Усиков решительно застегнул воротник.

– Лодку можно взять?

– Это к чему же?

– Хочу, чтоб судаки были… это самое… нормальными, а не голубыми, пошутил Лева, протягивая руку к ведру. – Митяй, помоги найти такого.

– Ты что еще придумал? – сурово спросил Митяй, отодвигая ведро. – А дело позабыл? – он выразительно посмотрел на чемодан телевизора.

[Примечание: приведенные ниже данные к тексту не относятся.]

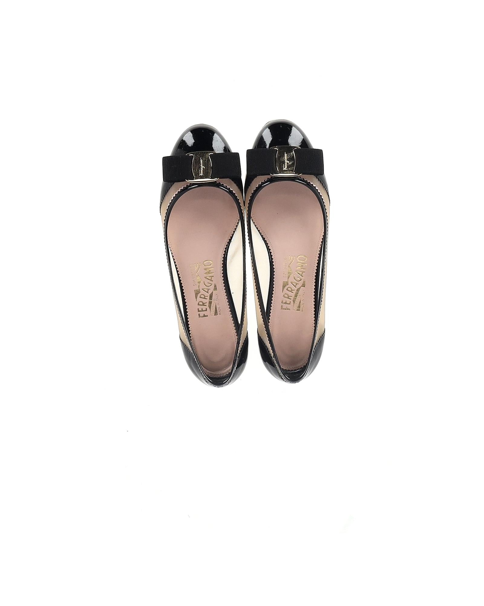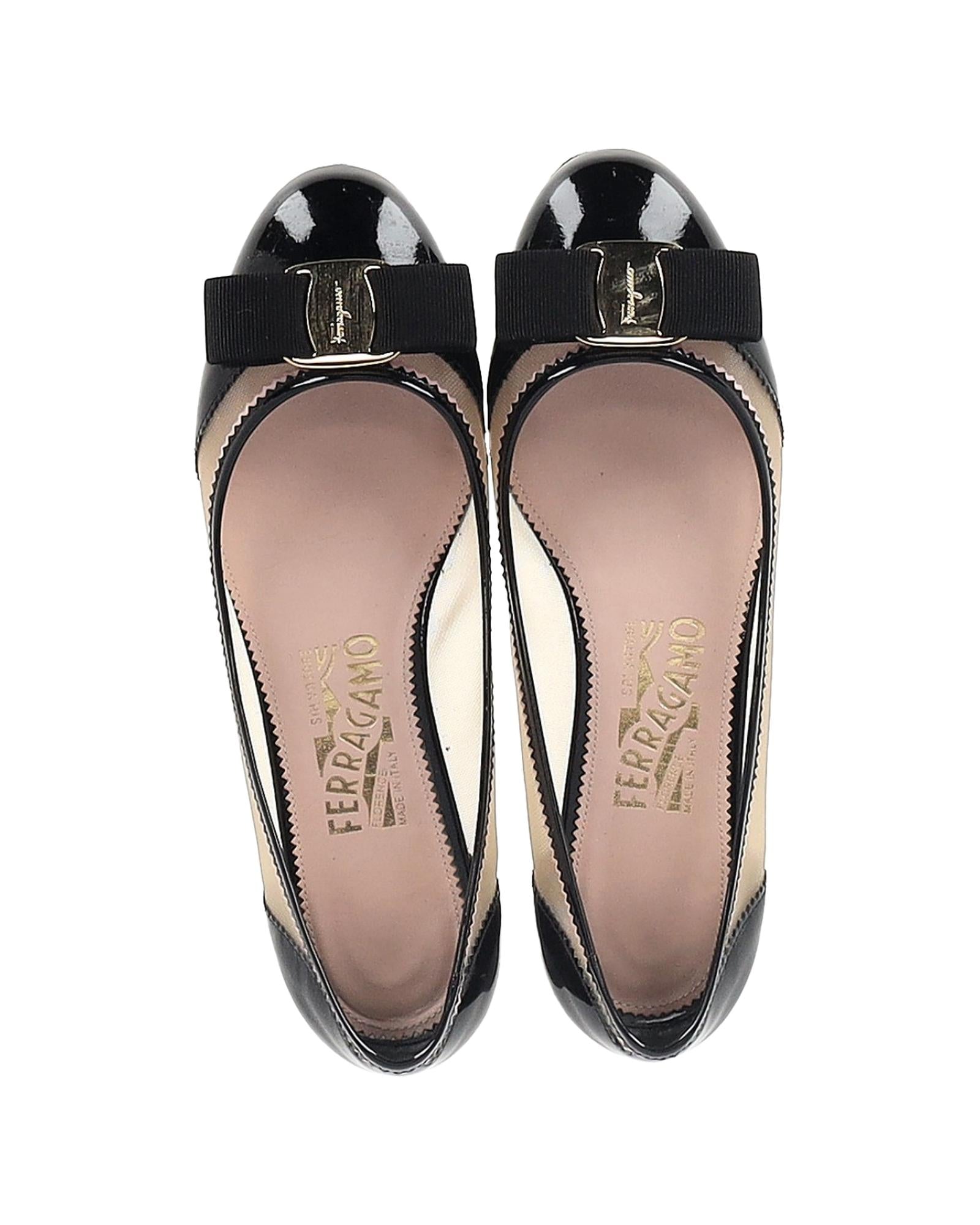 - Salvatore Ferragamo Bow Detail Ballet Flats in Black Leather and Mesh

– Об этом после поговорим. Женечка не будет возражать, – спокойно заметил Усиков.

В глубине его души таились искренний гнев и обида на Митяя. Как ему не совестно напоминать о их личном деле, когда речь идет о других, куда более серьезных вещах!

Молчат старики, но, вероятно, думают, что московский комсомолец поступает правильно. Хоть и мала надежда на успех, но почему же не попытаться!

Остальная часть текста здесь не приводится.